Python Mappers — Complete API Reference
Mappers are responsible for analyzing source files and generating the initial ResourceMap structure. They are the "LLM interface" layer of CiteKit.
GeminiMapper
The default mapper implementation powered by Google Gemini (multimodal understanding).
Constructor
from citekit.mapper.gemini import GeminiMapper
mapper = GeminiMapper(
api_key: str | None = None,
model: str = "gemini-2.0-flash",
max_retries: int = 3
)Parameters
| Parameter | Type | Default | Description |
|---|---|---|---|
api_key | str | None | None | Gemini API Key.
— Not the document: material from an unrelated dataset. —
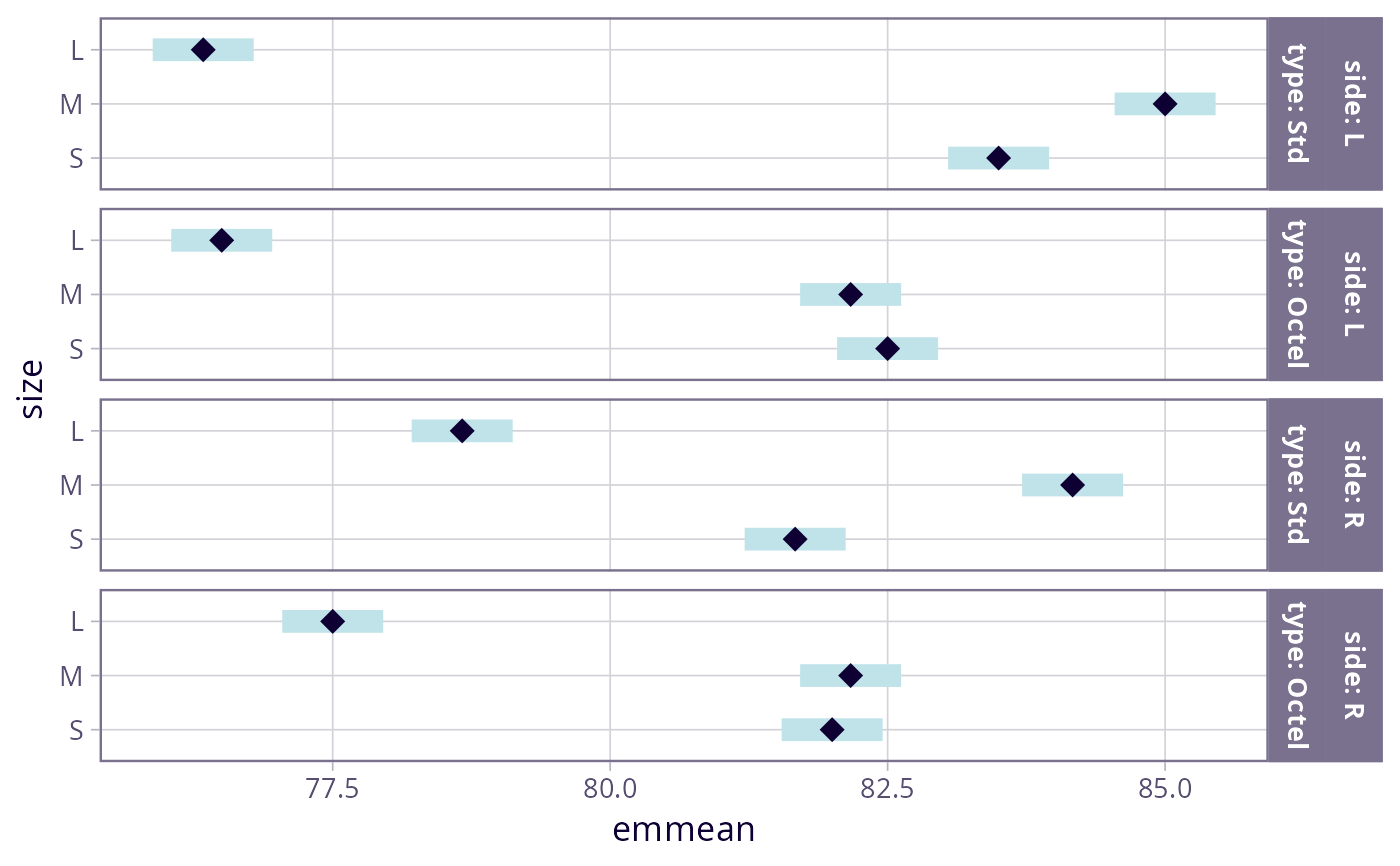 noise.lm <- lm(noise/10 ~ size * type * side, data = auto.noise)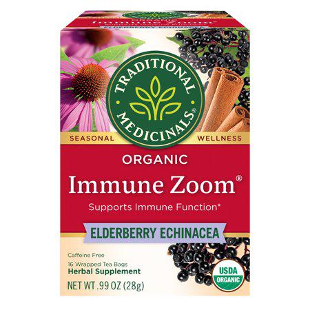 Traditional Medicinals Immune Zoom Elderberry Echinacea Tea Bags are specially formulated to support immune function. This tea combines the power of echinacea, licorice root, elderflower, and elderberry to give your immune system a boost when you need it most. With sweet and tart elderberry notes mixed with warming cinnamon, this tea is not only comforting but also delicious. Each box contains 16 tea bags, making it convenient for everyday use. Incorporate Traditional Medicinals Immune Zoom Elderberry Echinacea Tea into your daily routine to stay healthy and prepared for whatever comes your way.

Falls back to GEMINI_API_KEY environment variable. |
model | str | "gemini-2.0-flash" | Gemini model to use. Supports: gemini-2.0-flash, gemini-1.5-pro, gemini-1.5-flash. |
max_retries | int | 3 | Number of retries for failed API calls (with exponential backoff). |
Methods
async generate_map(resource_path, resource_type, resource_id=None)
Analyzes a file and generates a structured ResourceMap.
async def generate_map(
self,
resource_path: str,
resource_type: str,
resource_id: str | None = None
) -> ResourceMapParameters:
resource_path(str): Path to the resource fileresource_type(str): One ofdocument,video,audio,image,textresource_id(str | None): Optional custom ID; defaults to filename stem
Returns: ResourceMap object
Example:
from citekit.mapper.gemini import GeminiMapper
import asyncio
async def main():
mapper = GeminiMapper(api_key="YOUR_API_KEY")
# Map a PDF
resource_map = await mapper.generate_map(
resource_path="paper.pdf",
resource_type="document",
resource_id="research_paper"
)
print(f"Generated map with {len(resource_map.nodes)} nodes")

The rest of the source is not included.